▶ **Work instruction**
Line by line, print the records exactly as they are, dropping the pictures.
++++++++++++++++++++
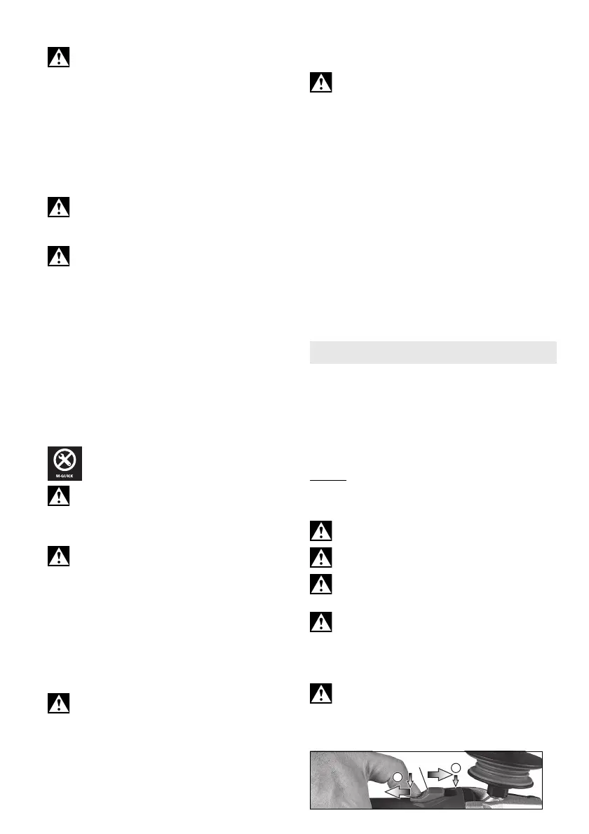 - Paina karan lukitusnuppi (4) sisään ja käännä
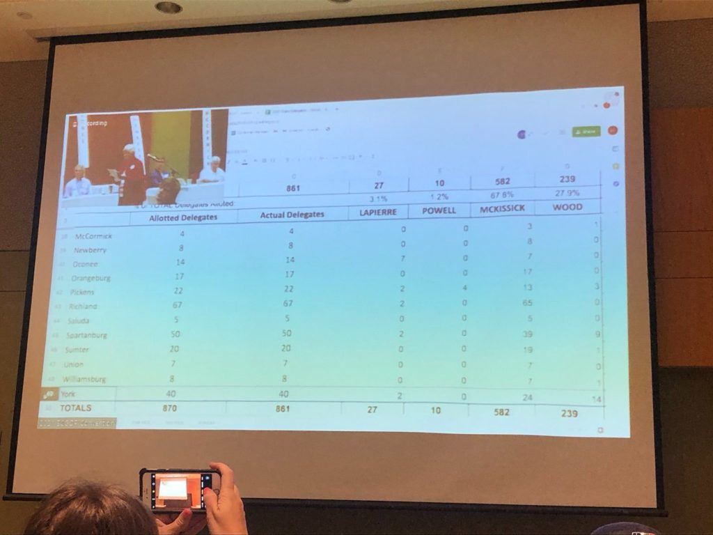 Buoyed by not one, not two, but three endorsements from former U.S. president Donald Trump, McKissick appears to have captured 582 delegates (67.8 percent) compared to Wood’s 239 delegates (27.9 percent). “Spoiler” candidate Michael LaPierre received 27 delegates, while Mark Powell received 10 delegates.
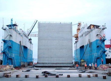 該工程沉箱出運安裝采用"氣囊陸域搬運、半潛駁載運、浮運安裝"工藝組織施工,5月4日開始出運安裝第一批,5月28日完成10件,9月17日開始出運安裝第二批,10月6日完成11件,兩批共完成21件。
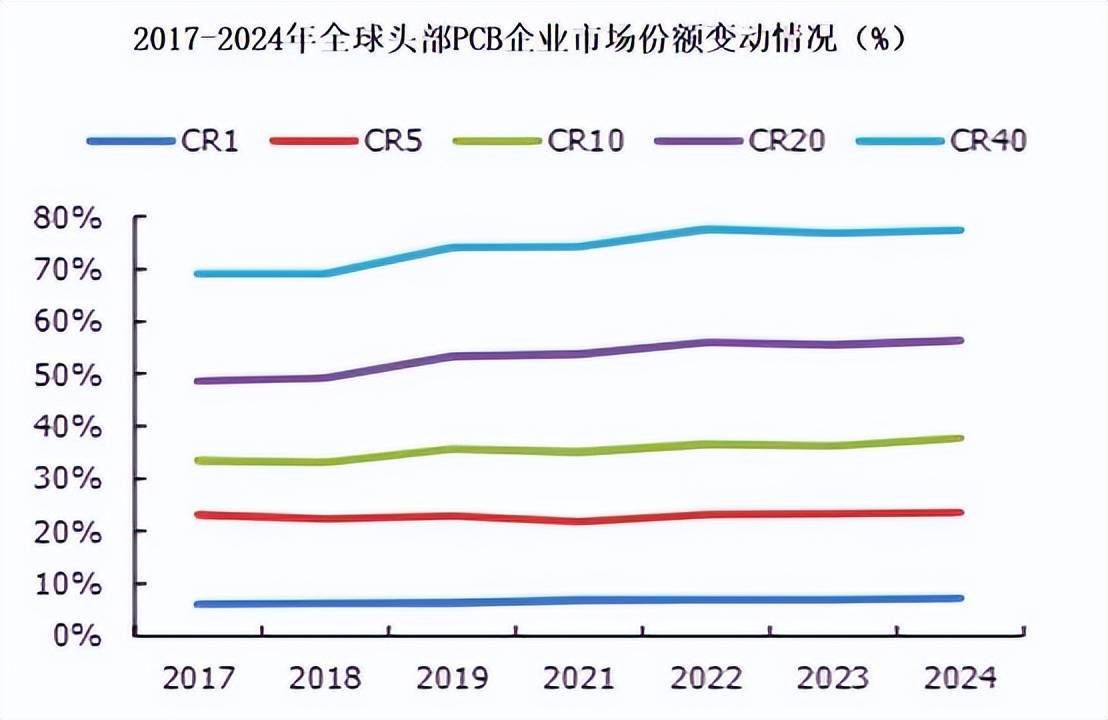 全球印制电路板(PCB)行业呈现“低集中度、高竞争性”的市场特征。数据显示,目前全球有超过2200家印制电路板(PCB)生产企业,主要分布在中国大陆、中国台湾、日本、韩国和欧美等国家或地区。从市场集中度看,行业龙头CR1(臻鼎科技)市占率长期稳定在6%-7%区间,CR5保持在23%左右。预计未来3-5年内,全球印制电路板(PCB)市场仍将维持相对分散的竞争格局。
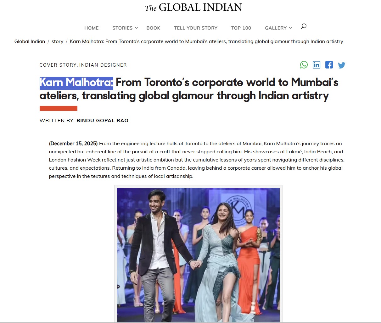 From sketching alongside his sculptor grandmother in his childhood to showcasing collections at Lakmé Fashion Week, India Beach Fashion Week, and London Fashion Week, Karn’s journey is a story of creativity, courage, and innovation , perfect for a deep-dive feature exploring the philosophy, inspiration, and artistry behind his work.​
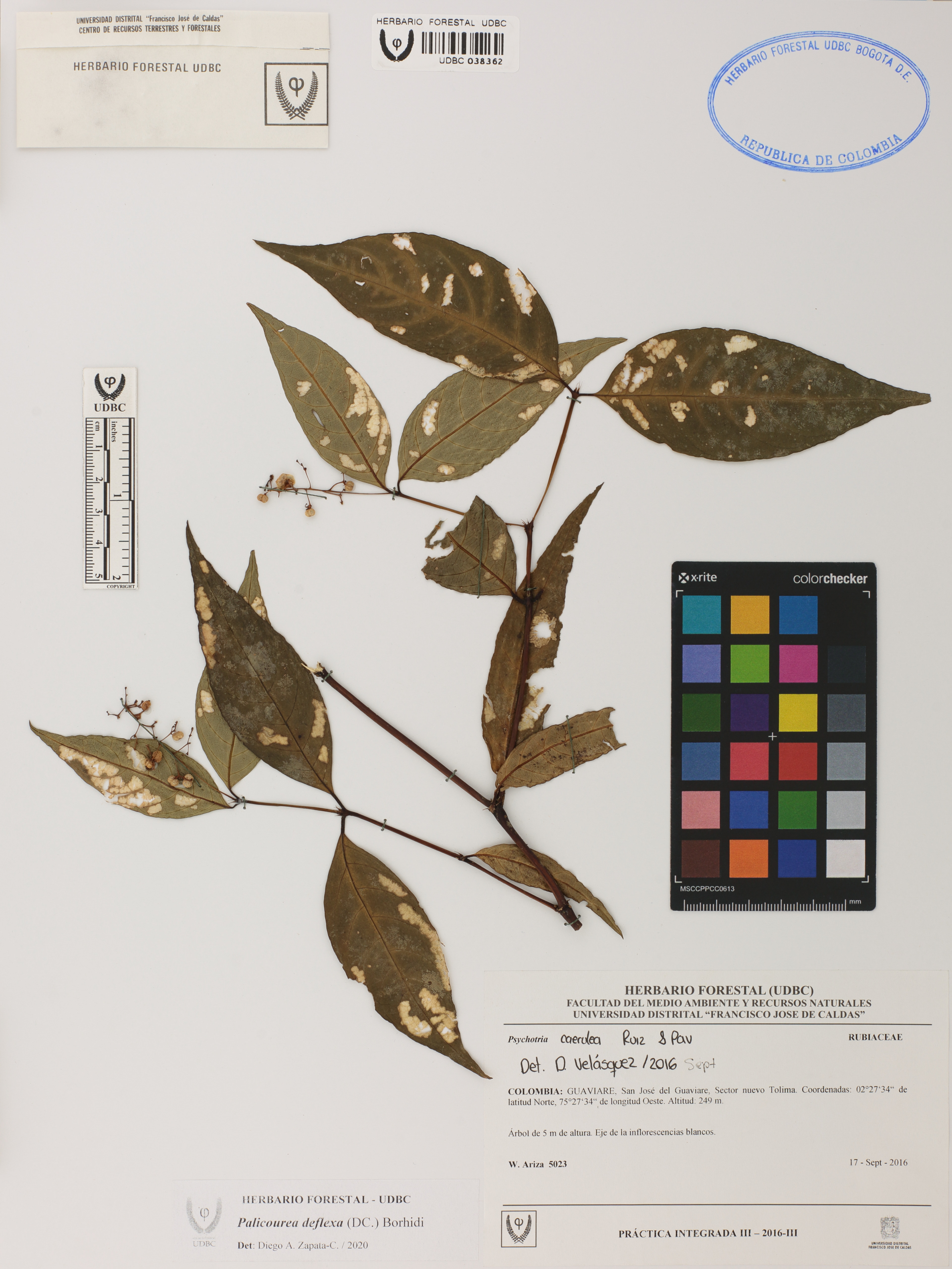 Fotografía del ejemplar Ariza, W. 5023, determinado como Palicourea deflexa en el año 2020
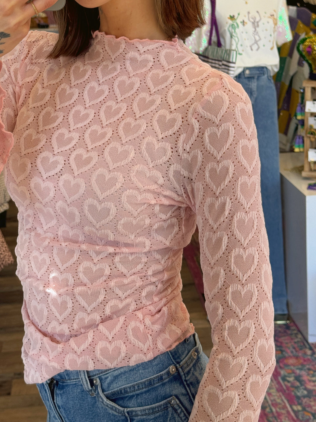 Heart Mesh Mock Neck Top
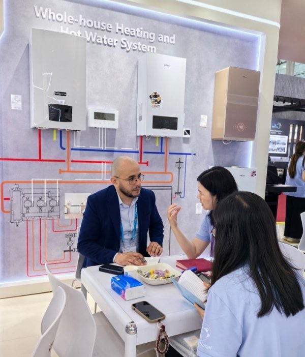 在采暖领域,万和国产全预混大功率机型及CE认证整机标准的全预混机型VB一起上阵,其冷凝状态下热效率达108%;同时还展示了最新中央控制器联动多采暖炉并联系统以及室内温控器功能。
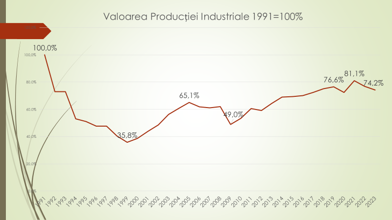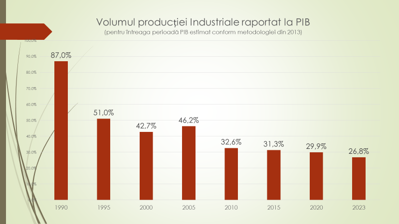 Analistul economic afirmă că raportat la Produsul Intern Brut (PIB), volumul producției industriale în 1990 era de 87%. În 2000 a ajuns la 42,7%. Către 2005 a crescut la 46,2%, dar a scăzut la 32,6% în 2010; la 31,5% în 2015; la 29,9% în 2020 și la 26,8% în 2023.
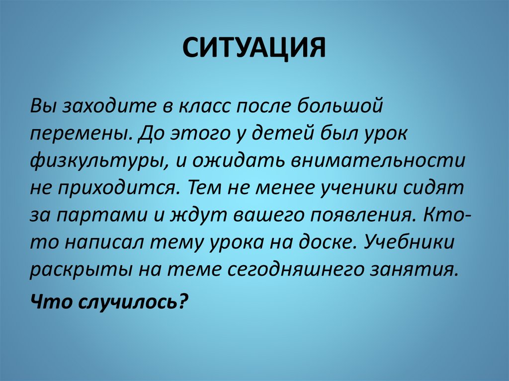 СИТУАЦИЯВы заходите в класс после большой
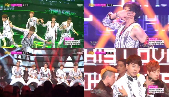신화는 25일 방송된 MBC 가요프로그램 '음악중심'에 출연해 11번째 정규앨범의 타이틀 곡 '디스 러브(This Love)'를 열창했다. 이들은 진지한 표정과 여유가 느껴지는 제스처로 무대를 종횡무진했으며 흰색 수트로 매려을 더했다.
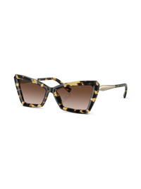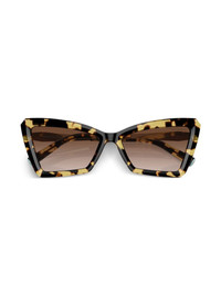 cat-eye frame sunglasses Highlights - Brown - Acetate - Brown tinted lenses - Cat-eye frame - Curved tips - Logo-engraved arm - These glasses come with a protective case. Made in United States Composition Acetate 100% SIZE & FIT Measurement Arm Length 5.51 in(14 cm) Bridge Width 0.62 in(1.6 cm) Lens Diameter 2.2 in(5.6 cm)
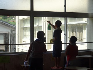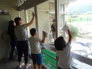 今日は、児童とPTAと職員で窓をふきました。とてもきれいになり、清々しい思いで2学期が迎えられそうですね!本当にありがとうございました。
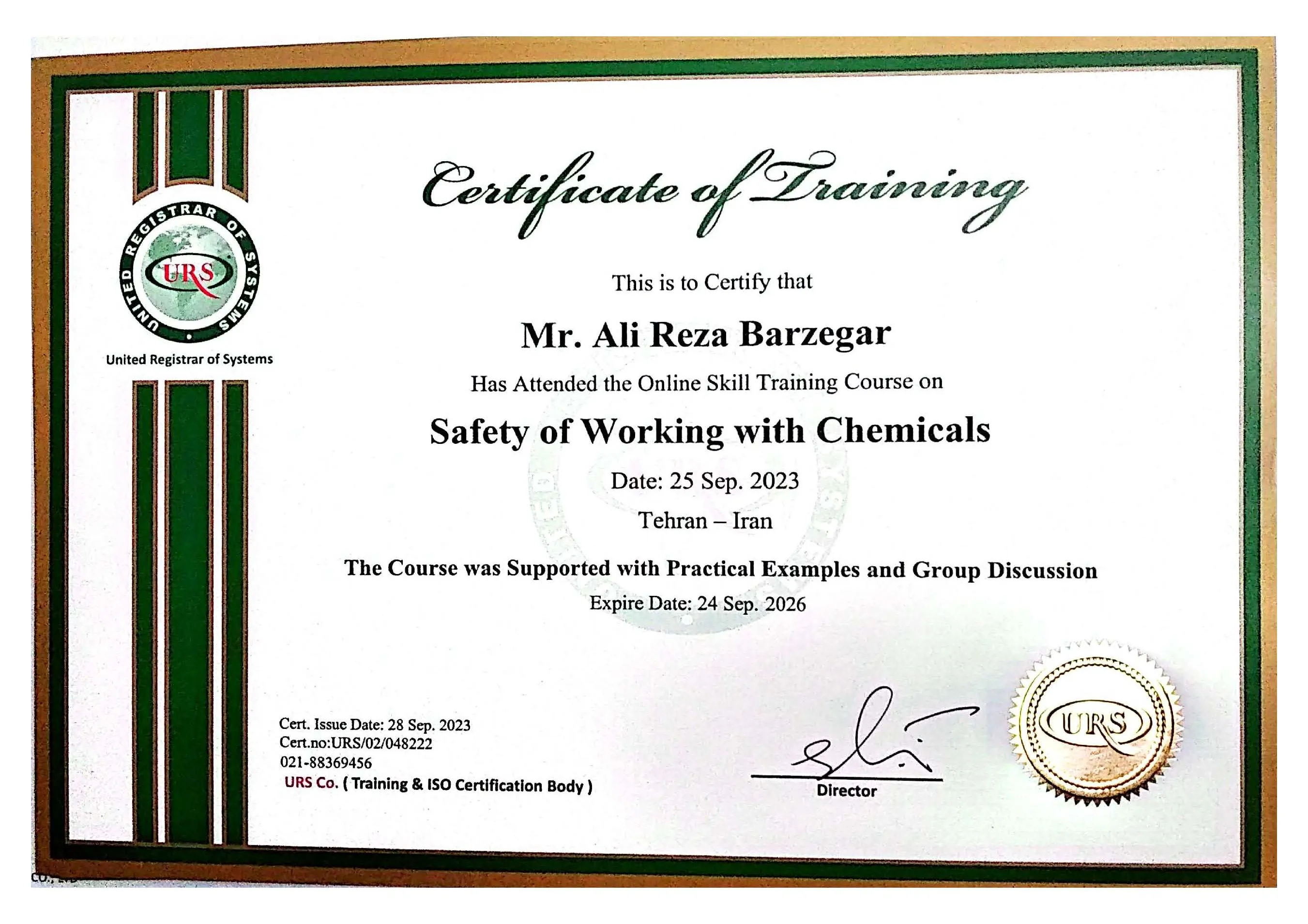گواهینامه ایمنی کار با مواد شیمیایی بازار ابزار ایران
++++++++++++++++++++
▶ **Output below**
 - Paina karan lukitusnuppi (4) sisään ja käännä
 Buoyed by not one, not two, but three endorsements from former U.S. president Donald Trump, McKissick appears to have captured 582 delegates (67.8 percent) compared to Wood’s 239 delegates (27.9 percent). “Spoiler” candidate Michael LaPierre received 27 delegates, while Mark Powell received 10 delegates.
 該工程沉箱出運安裝采用"氣囊陸域搬運、半潛駁載運、浮運安裝"工藝組織施工,5月4日開始出運安裝第一批,5月28日完成10件,9月17日開始出運安裝第二批,10月6日完成11件,兩批共完成21件。
 全球印制电路板(PCB)行业呈现“低集中度、高竞争性”的市场特征。数据显示,目前全球有超过2200家印制电路板(PCB)生产企业,主要分布在中国大陆、中国台湾、日本、韩国和欧美等国家或地区。从市场集中度看,行业龙头CR1(臻鼎科技)市占率长期稳定在6%-7%区间,CR5保持在23%左右。预计未来3-5年内,全球印制电路板(PCB)市场仍将维持相对分散的竞争格局。
 From sketching alongside his sculptor grandmother in his childhood to showcasing collections at Lakmé Fashion Week, India Beach Fashion Week, and London Fashion Week, Karn’s journey is a story of creativity, courage, and innovation , perfect for a deep-dive feature exploring the philosophy, inspiration, and artistry behind his work.​
 Fotografía del ejemplar Ariza, W. 5023, determinado como Palicourea deflexa en el año 2020
 Heart Mesh Mock Neck Top
 在采暖领域,万和国产全预混大功率机型及CE认证整机标准的全预混机型VB一起上阵,其冷凝状态下热效率达108%;同时还展示了最新中央控制器联动多采暖炉并联系统以及室内温控器功能。
 Analistul economic afirmă că raportat la Produsul Intern Brut (PIB), volumul producției industriale în 1990 era de 87%. În 2000 a ajuns la 42,7%. Către 2005 a crescut la 46,2%, dar a scăzut la 32,6% în 2010; la 31,5% în 2015; la 29,9% în 2020 și la 26,8% în 2023.
 СИТУАЦИЯВы заходите в класс после большой
신화는 25일 방송된 MBC 가요프로그램 '음악중심'에 출연해 11번째 정규앨범의 타이틀 곡 '디스 러브(This Love)'를 열창했다. 이들은 진지한 표정과 여유가 느껴지는 제스처로 무대를 종횡무진했으며 흰색 수트로 매려을 더했다.
 cat-eye frame sunglasses Highlights - Brown - Acetate - Brown tinted lenses - Cat-eye frame - Curved tips - Logo-engraved arm - These glasses come with a protective case. Made in United States Composition Acetate 100% SIZE & FIT Measurement Arm Length 5.51 in(14 cm) Bridge Width 0.62 in(1.6 cm) Lens Diameter 2.2 in(5.6 cm)
 今日は、児童とPTAと職員で窓をふきました。とてもきれいになり、清々しい思いで2学期が迎えられそうですね!本当にありがとうございました。
گواهینامه ایمنی کار با مواد شیمیایی بازار ابزار ایران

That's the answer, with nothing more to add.